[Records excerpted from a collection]
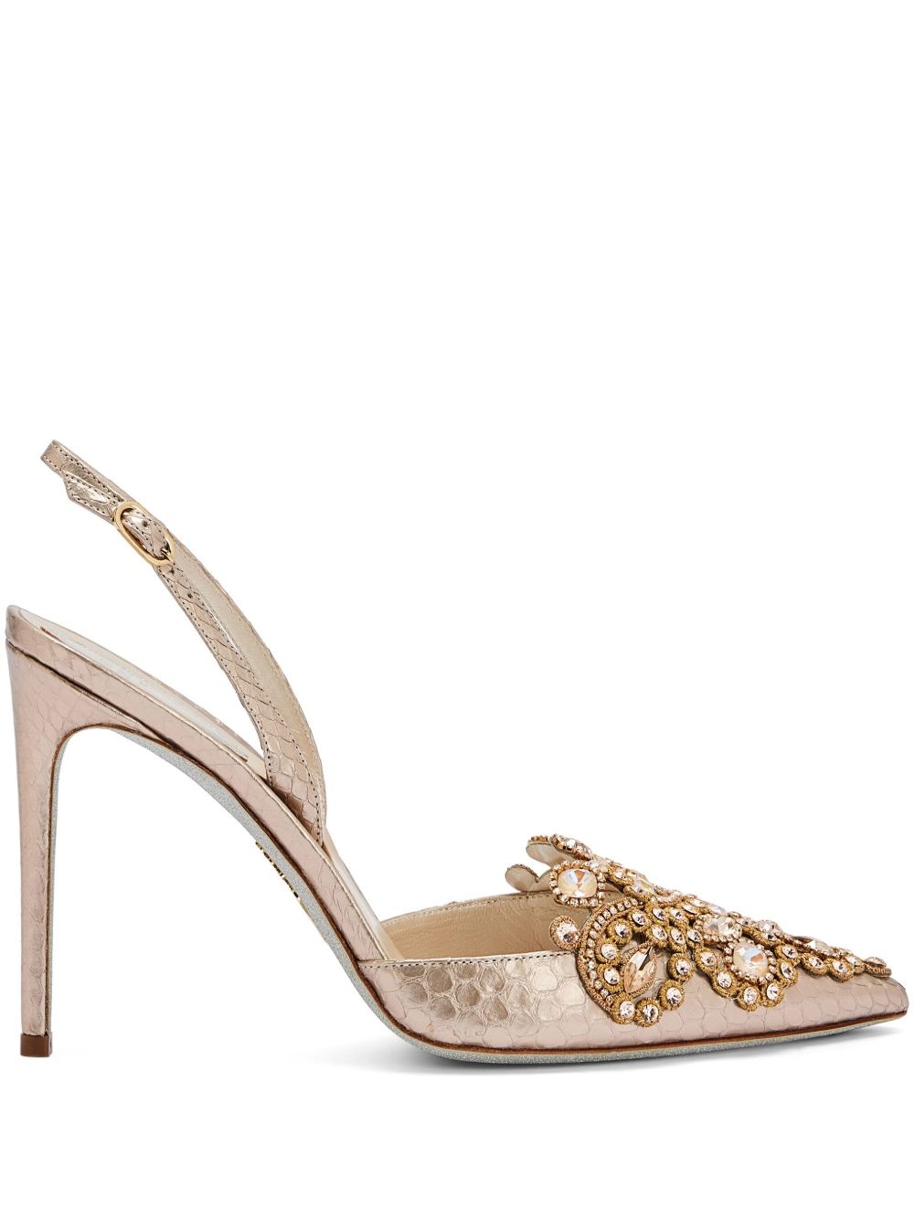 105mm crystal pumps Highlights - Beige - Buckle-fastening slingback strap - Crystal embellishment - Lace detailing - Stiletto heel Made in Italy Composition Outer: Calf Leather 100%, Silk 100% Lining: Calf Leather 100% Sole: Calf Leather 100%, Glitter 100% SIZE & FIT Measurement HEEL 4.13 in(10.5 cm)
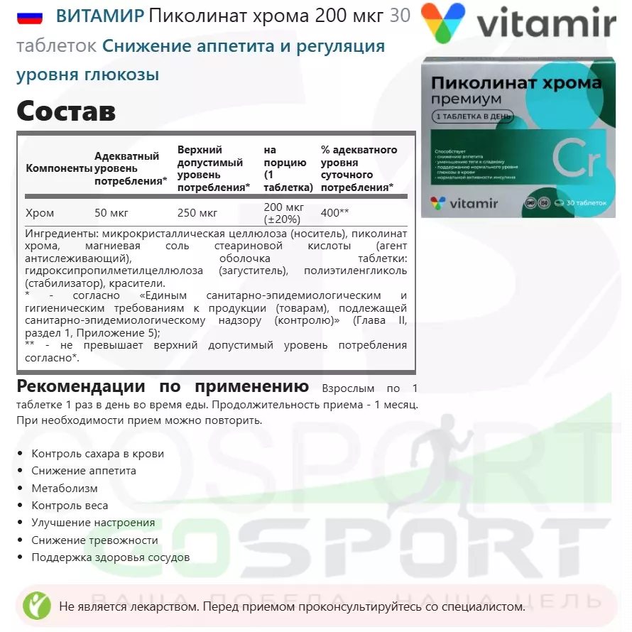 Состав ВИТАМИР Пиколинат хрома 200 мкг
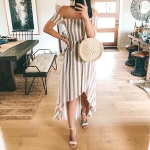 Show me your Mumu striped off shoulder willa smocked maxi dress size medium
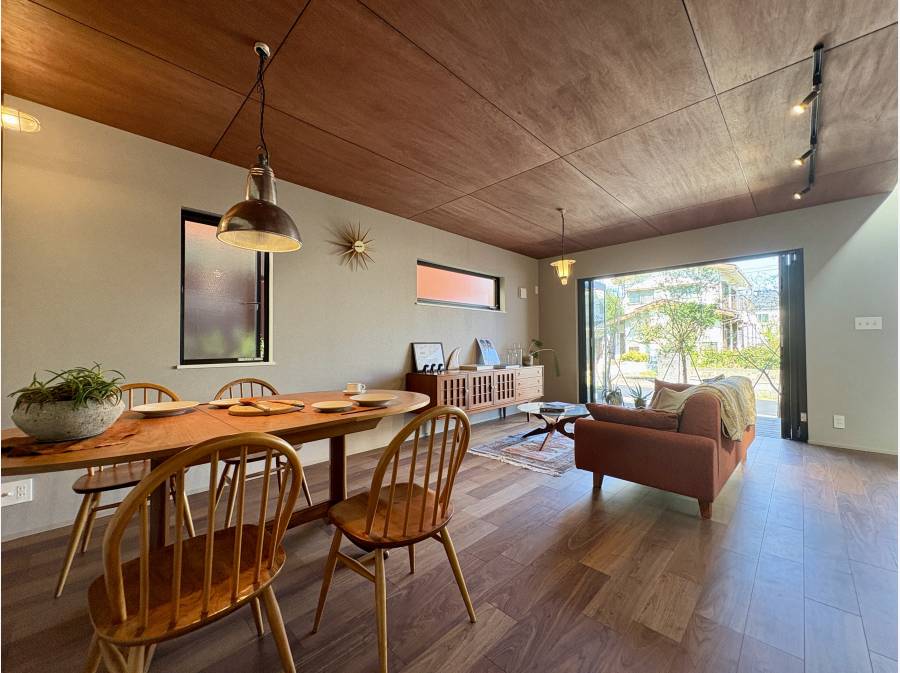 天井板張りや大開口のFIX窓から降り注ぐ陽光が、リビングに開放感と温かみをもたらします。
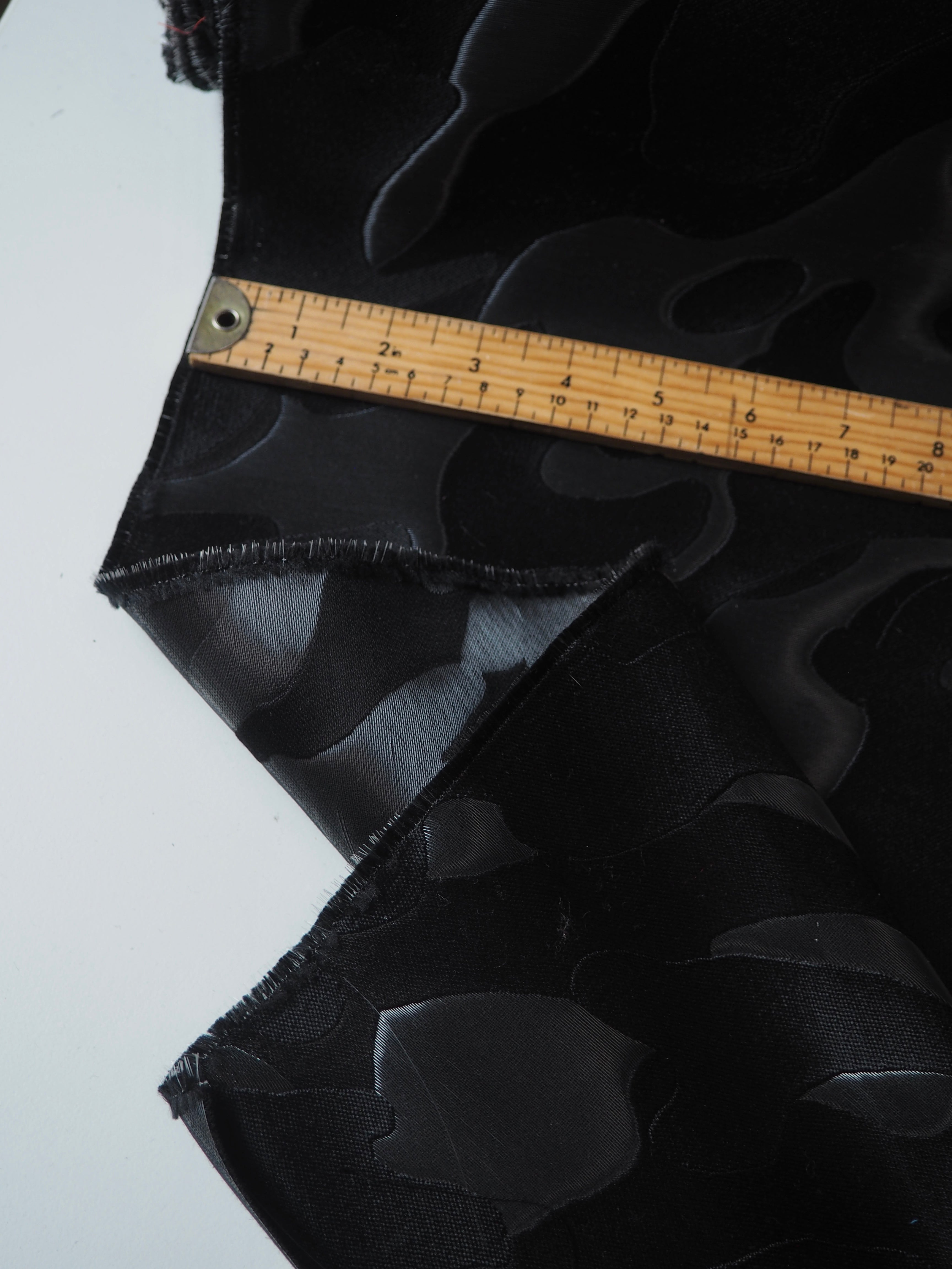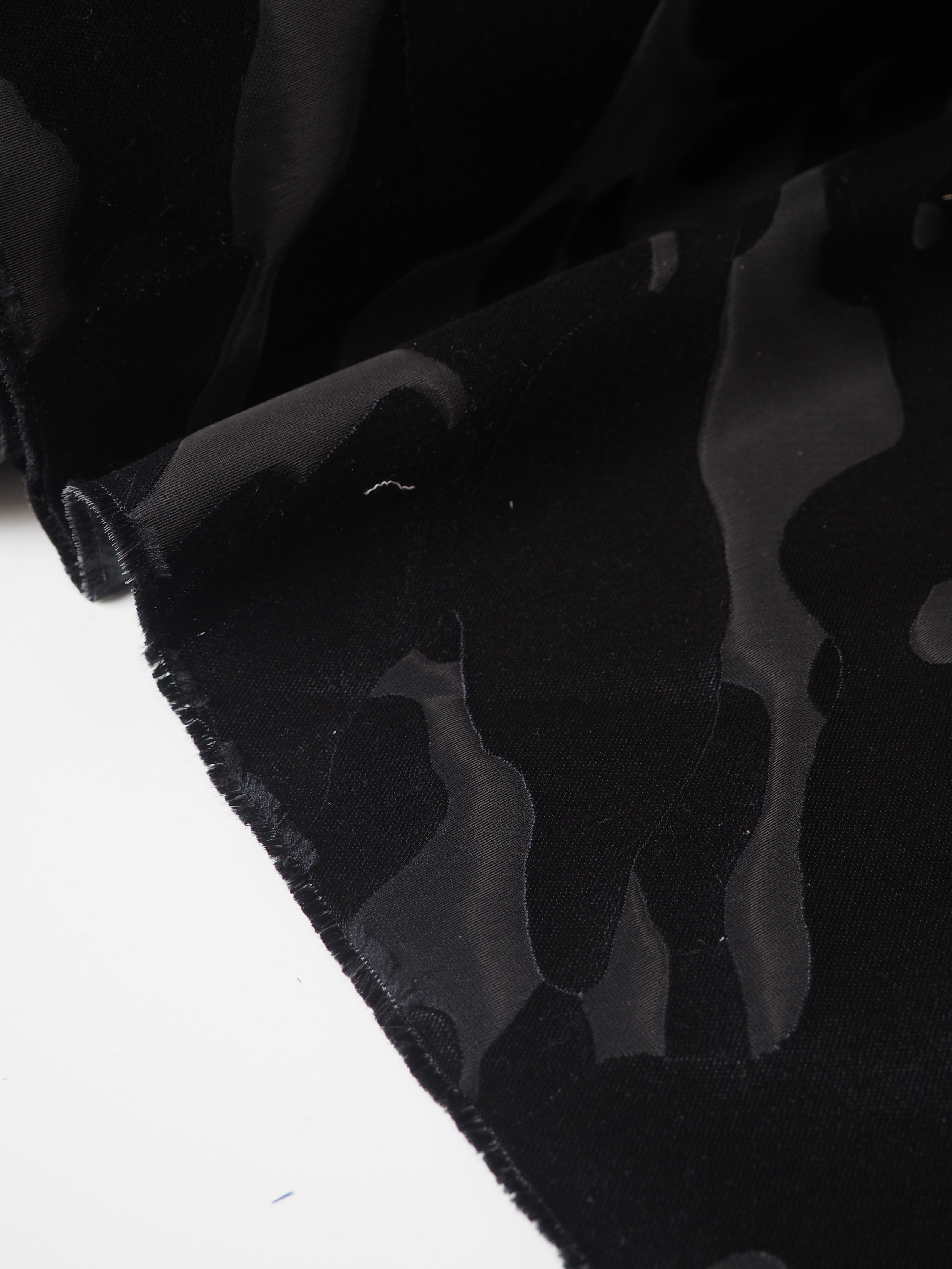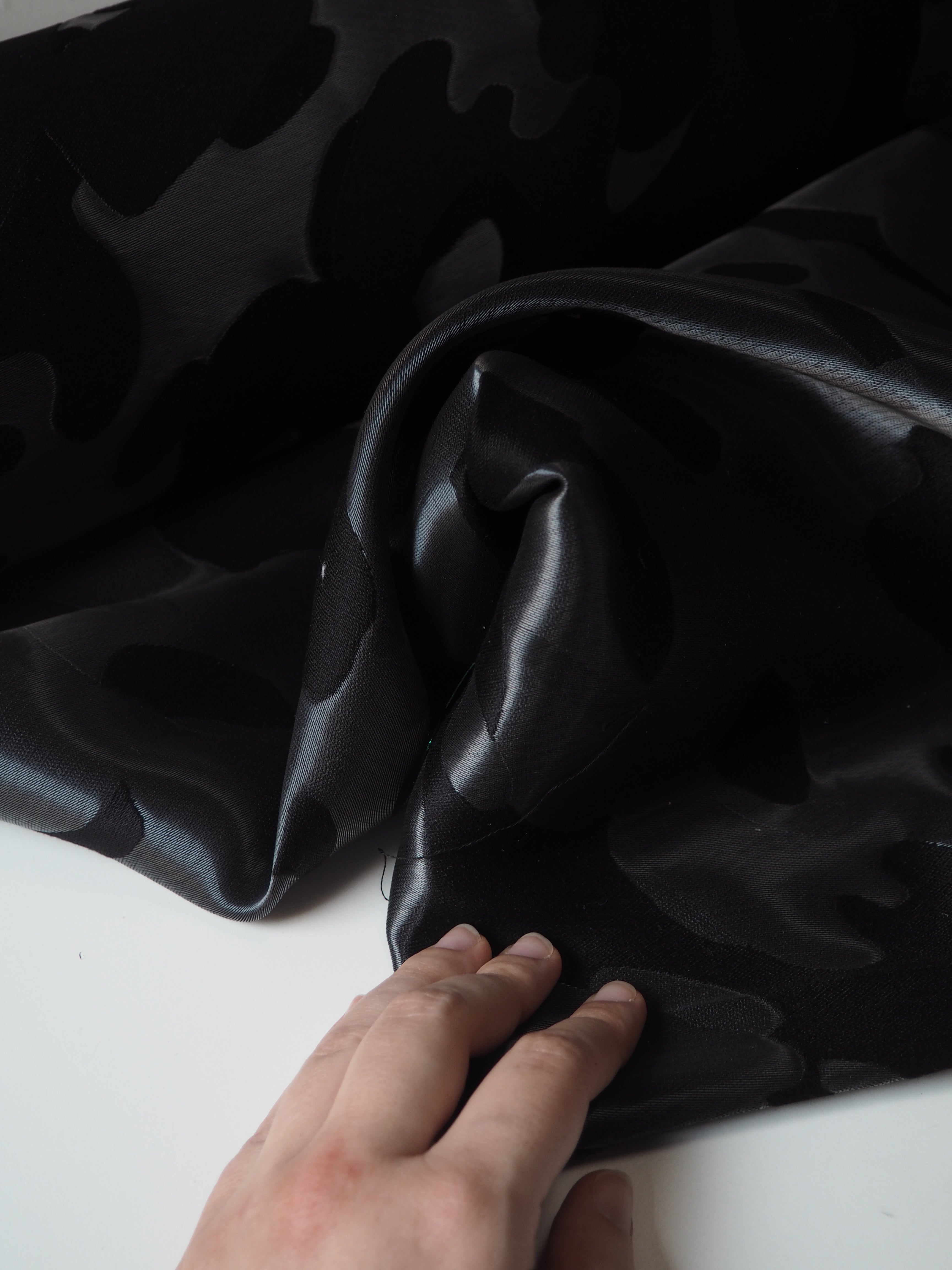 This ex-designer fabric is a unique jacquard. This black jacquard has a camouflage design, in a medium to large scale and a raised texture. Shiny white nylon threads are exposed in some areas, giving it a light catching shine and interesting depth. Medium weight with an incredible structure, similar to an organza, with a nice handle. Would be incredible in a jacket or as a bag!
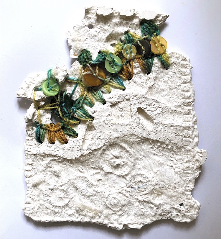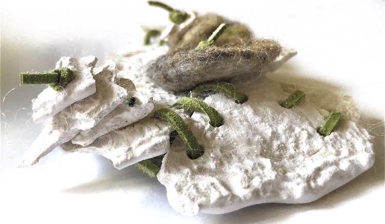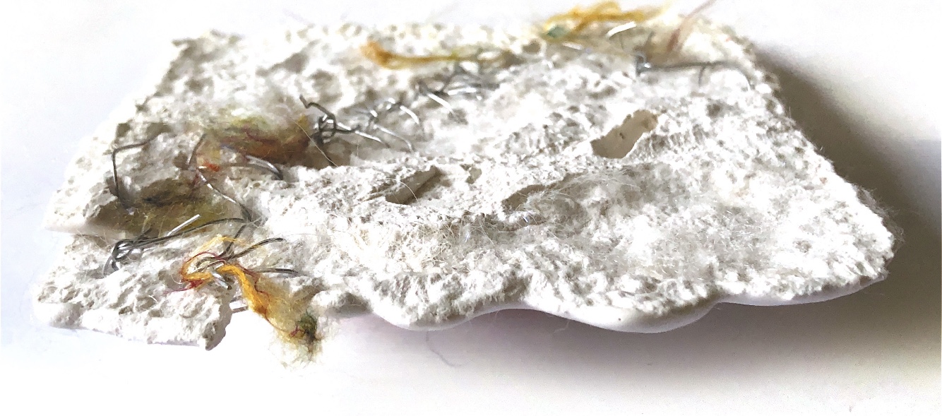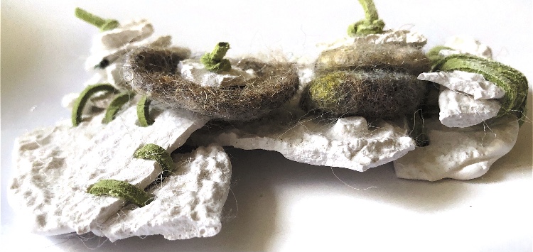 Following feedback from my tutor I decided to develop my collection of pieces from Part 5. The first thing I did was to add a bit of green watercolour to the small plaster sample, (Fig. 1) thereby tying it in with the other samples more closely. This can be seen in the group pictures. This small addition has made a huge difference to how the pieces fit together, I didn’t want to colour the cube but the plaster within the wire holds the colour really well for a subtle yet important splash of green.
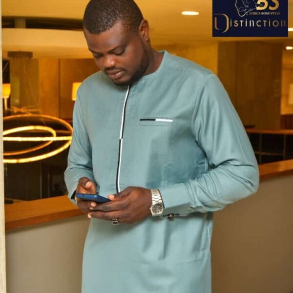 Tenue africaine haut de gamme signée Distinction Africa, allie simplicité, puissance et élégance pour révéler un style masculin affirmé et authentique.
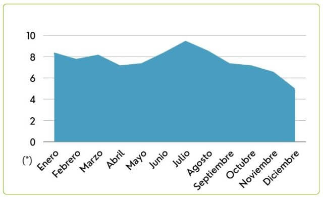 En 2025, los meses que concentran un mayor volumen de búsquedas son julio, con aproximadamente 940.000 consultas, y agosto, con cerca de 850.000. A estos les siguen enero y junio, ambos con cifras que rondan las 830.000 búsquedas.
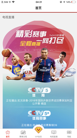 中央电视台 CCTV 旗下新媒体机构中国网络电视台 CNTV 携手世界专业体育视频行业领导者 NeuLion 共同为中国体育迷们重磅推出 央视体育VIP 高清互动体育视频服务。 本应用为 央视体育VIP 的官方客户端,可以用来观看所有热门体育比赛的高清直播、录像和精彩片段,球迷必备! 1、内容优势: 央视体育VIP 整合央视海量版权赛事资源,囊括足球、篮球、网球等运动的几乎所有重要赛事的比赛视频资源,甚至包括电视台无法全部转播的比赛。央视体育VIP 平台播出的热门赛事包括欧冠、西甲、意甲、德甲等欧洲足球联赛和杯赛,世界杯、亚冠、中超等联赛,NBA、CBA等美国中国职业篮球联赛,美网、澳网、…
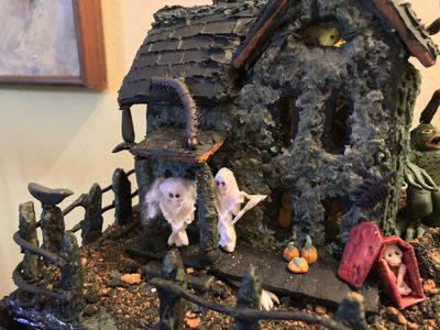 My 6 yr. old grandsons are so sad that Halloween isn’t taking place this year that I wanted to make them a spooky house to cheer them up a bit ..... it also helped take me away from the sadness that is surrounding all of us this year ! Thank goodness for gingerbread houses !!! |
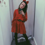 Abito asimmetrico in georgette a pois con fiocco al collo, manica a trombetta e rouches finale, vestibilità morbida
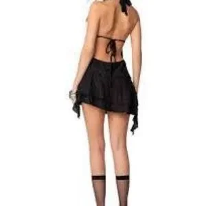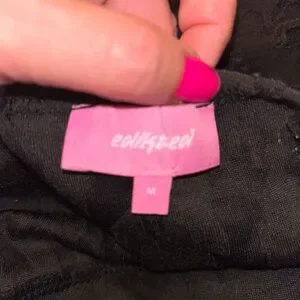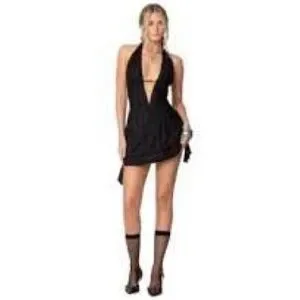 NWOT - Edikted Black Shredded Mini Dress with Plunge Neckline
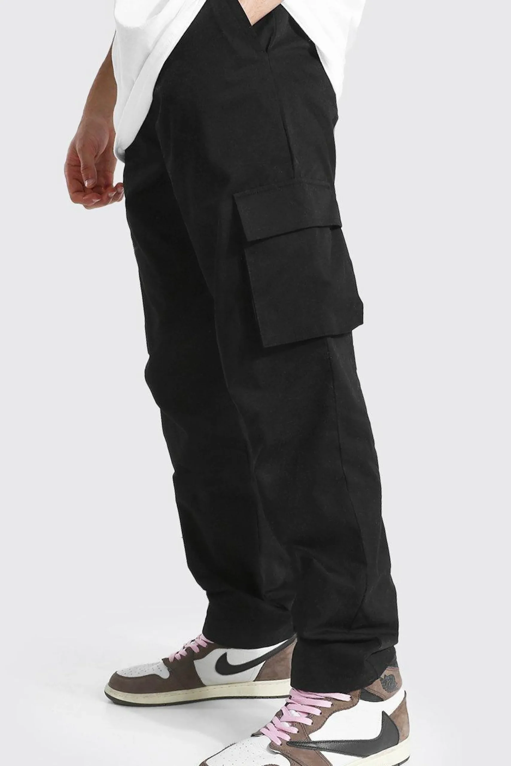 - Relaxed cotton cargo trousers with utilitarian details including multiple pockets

* _Problem_: Write out each entry exactly; any pictures stay out of the copy.

* _Task result_:
 105mm crystal pumps Highlights - Beige - Buckle-fastening slingback strap - Crystal embellishment - Lace detailing - Stiletto heel Made in Italy Composition Outer: Calf Leather 100%, Silk 100% Lining: Calf Leather 100% Sole: Calf Leather 100%, Glitter 100% SIZE & FIT Measurement HEEL 4.13 in(10.5 cm)
 Состав ВИТАМИР Пиколинат хрома 200 мкг
 Show me your Mumu striped off shoulder willa smocked maxi dress size medium
 天井板張りや大開口のFIX窓から降り注ぐ陽光が、リビングに開放感と温かみをもたらします。
 This ex-designer fabric is a unique jacquard. This black jacquard has a camouflage design, in a medium to large scale and a raised texture. Shiny white nylon threads are exposed in some areas, giving it a light catching shine and interesting depth. Medium weight with an incredible structure, similar to an organza, with a nice handle. Would be incredible in a jacket or as a bag!
 Following feedback from my tutor I decided to develop my collection of pieces from Part 5. The first thing I did was to add a bit of green watercolour to the small plaster sample, (Fig. 1) thereby tying it in with the other samples more closely. This can be seen in the group pictures. This small addition has made a huge difference to how the pieces fit together, I didn’t want to colour the cube but the plaster within the wire holds the colour really well for a subtle yet important splash of green.
 Tenue africaine haut de gamme signée Distinction Africa, allie simplicité, puissance et élégance pour révéler un style masculin affirmé et authentique.
 En 2025, los meses que concentran un mayor volumen de búsquedas son julio, con aproximadamente 940.000 consultas, y agosto, con cerca de 850.000. A estos les siguen enero y junio, ambos con cifras que rondan las 830.000 búsquedas.
 中央电视台 CCTV 旗下新媒体机构中国网络电视台 CNTV 携手世界专业体育视频行业领导者 NeuLion 共同为中国体育迷们重磅推出 央视体育VIP 高清互动体育视频服务。 本应用为 央视体育VIP 的官方客户端,可以用来观看所有热门体育比赛的高清直播、录像和精彩片段,球迷必备! 1、内容优势: 央视体育VIP 整合央视海量版权赛事资源,囊括足球、篮球、网球等运动的几乎所有重要赛事的比赛视频资源,甚至包括电视台无法全部转播的比赛。央视体育VIP 平台播出的热门赛事包括欧冠、西甲、意甲、德甲等欧洲足球联赛和杯赛,世界杯、亚冠、中超等联赛,NBA、CBA等美国中国职业篮球联赛,美网、澳网、…
 My 6 yr. old grandsons are so sad that Halloween isn’t taking place this year that I wanted to make them a spooky house to cheer them up a bit ..... it also helped take me away from the sadness that is surrounding all of us this year ! Thank goodness for gingerbread houses !!! |
 Abito asimmetrico in georgette a pois con fiocco al collo, manica a trombetta e rouches finale, vestibilità morbida
 NWOT - Edikted Black Shredded Mini Dress with Plunge Neckline
 - Relaxed cotton cargo trousers with utilitarian details including multiple pockets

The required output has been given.